Despite the high number of southerners in the cabinet, many people feel the ministers are detached from southern grievances because they have spent a long time living in the north.
The new minister of telecommunications and information technology, Lufti Mohammad Salem, who is originally from Hadramout, has lived in Sana'a for a long time. In 2007, he began working in the capital as the general manager of the Operation and Maintenance Department in the Public Telecommunications Corporation.
Similarly, Mohammad Al-Sadi, the new minister of industry and trade, while originally from Abyan, used to live in Sana'a for decades. He moved to the capital as early as 1994, when he was appointed the Islah Party's deputy minister of education.
According to Aden resident Al-Dubaei, independence is much more than a political issue to the people in the south. In the end, the call for separation come down to a simple demand by ordinary people trying to deal with every day grievances, rather than high-level appointments being made off in Sana'a.
"When you ask some of the protestors about the new government and who the ministers are, they do not know anything about these ministers and they do not know who they are. These are the ordinary people who are struggling with unemployment and feel they are suffering," said Al-Dubaei.
Ali Hasn Ali, who was a Southern Movement representative at the National Dialogue Conference (NDC), agrees with Al-Dubaei's take on events. "When people want to eat, they eat food, they do not eat 'government.' When people want to sleep, they want houses, not 'government.' This is what politicians should think about. The core of our issue is peoples' demands," he said.
Reshuffling the government will hence not be enough in the eyes of many southerners. As Rashid put it, "The Southern Movement has determined its goal. Even if it was given the opportunity to select some ministers, it will not accept."
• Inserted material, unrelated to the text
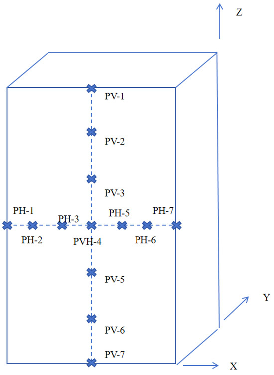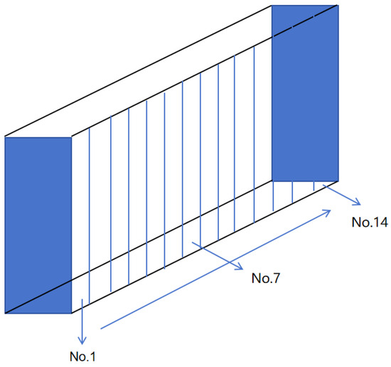 The basic operating conditions used in this article include the discharge rate of 1C, the liquid fluid temperature of 20 °C, and a flow rate of 30 L/min. In addition, the appropriate sampling points and batteries positioned at different locations were selected for testing. The configurations for the sampling points and battery numbers are illustrated in Figure 8 and Figure 9.

Calls for secession are at their peak now, according to Ali Al-Naqi, a local journalist. "The new government was not different from the reaction that met Mohammad Salem Basindwa's government, which was formed in December of 2011. People in the south do not rely on the government in Sana'a because the Southern Movement does not trust any government. Moreover, I expect that the protests are going to grow as we approach the Nov. 30 deadline," he said.
Could things turn violent?
On Friday, Nov. 21, Aden's Security Committee said in a statement to the state-run Saba News Agency that it respects the protesters' peaceful means of expression and urged the people in Aden not to lead the governorate into violence.
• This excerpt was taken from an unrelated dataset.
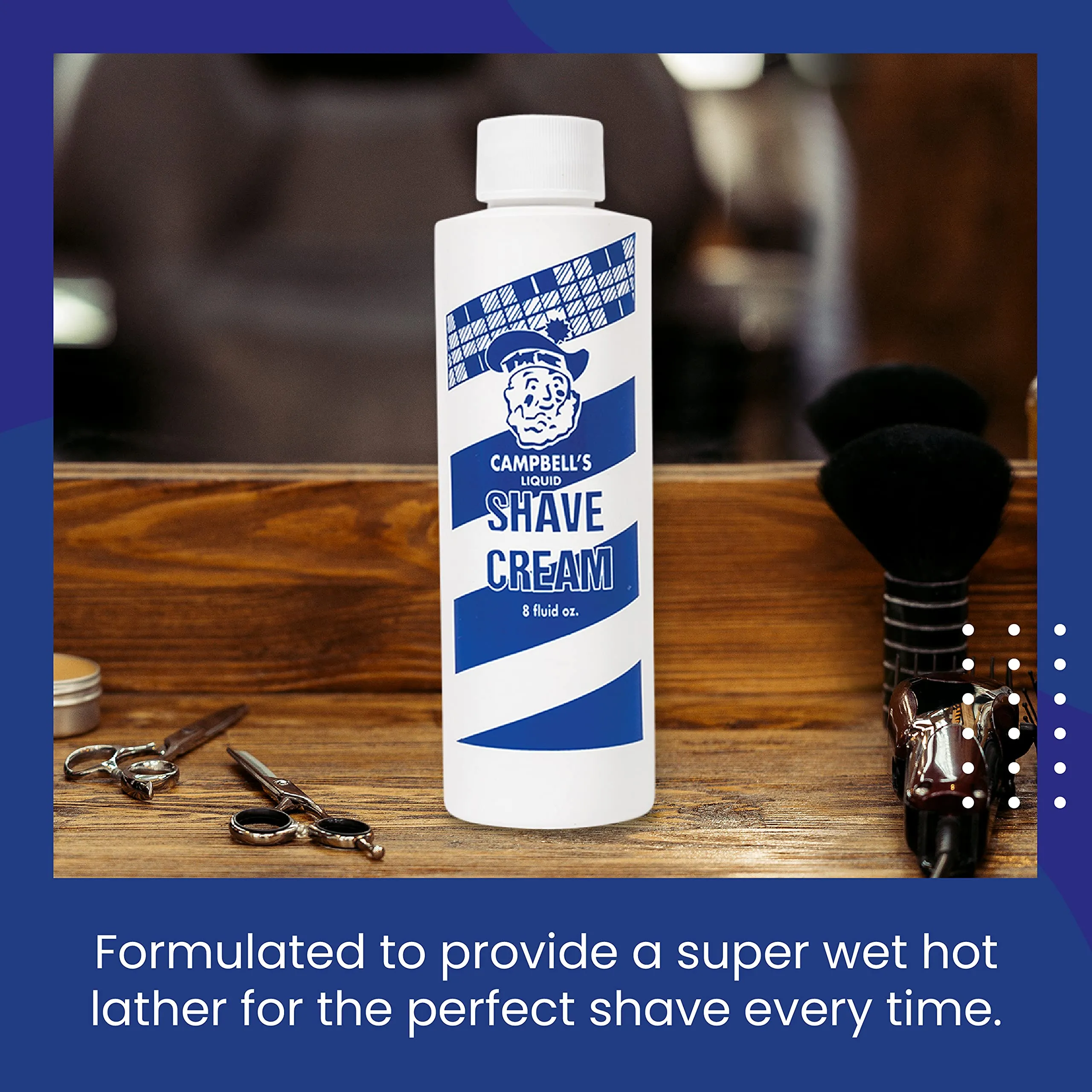 - BARBERSHOP-QUALITY SHAVING CREAM LATHER: Campbell’s Liquid Shave Cream is the original concentrate for the LatherKing hot lather machine. This liquid lather is ideal for barbers and professional shavers.

"Although there are some attempts to distort the security in Aden, the awareness by the good people in the governorate has foiled these attempts and prevented any damage in this peaceful governorate," read the statement.
Mohammed Musaed of the Aden Security Department told the Yemen Times the Southern Movement is not considering the formation of the new competency-based government as a positive political achievement. "Currently, they are divided and they are not under one leadership. At the same time, they say their sole goal is independence," said Musaed, who is pro-unity.
He said the protests are continuing peacefully now, and he welcomes such peaceful protests. At the same time, he said the security personnel in Aden are on heightened alert and are prepared for any potential bouts of violence.
Ali Hasn Ali, who was a Southern Movement representative at the National Dialogue Conference (NDC), told the Yemen Times the southern people have not realized a tangible change since the ending of the NDC. This makes them turn a deaf ear to the formation of the new government, he added.
Ali ruled out the possibility that the Southern Movement will resort to violence on Nov. 30 or after this time. "The Southern Movement might escalate in coincidence with Nov. 30. The escalation will be peaceful. They know practicing violence would distort their peaceful struggle. Their issue is fair," he said.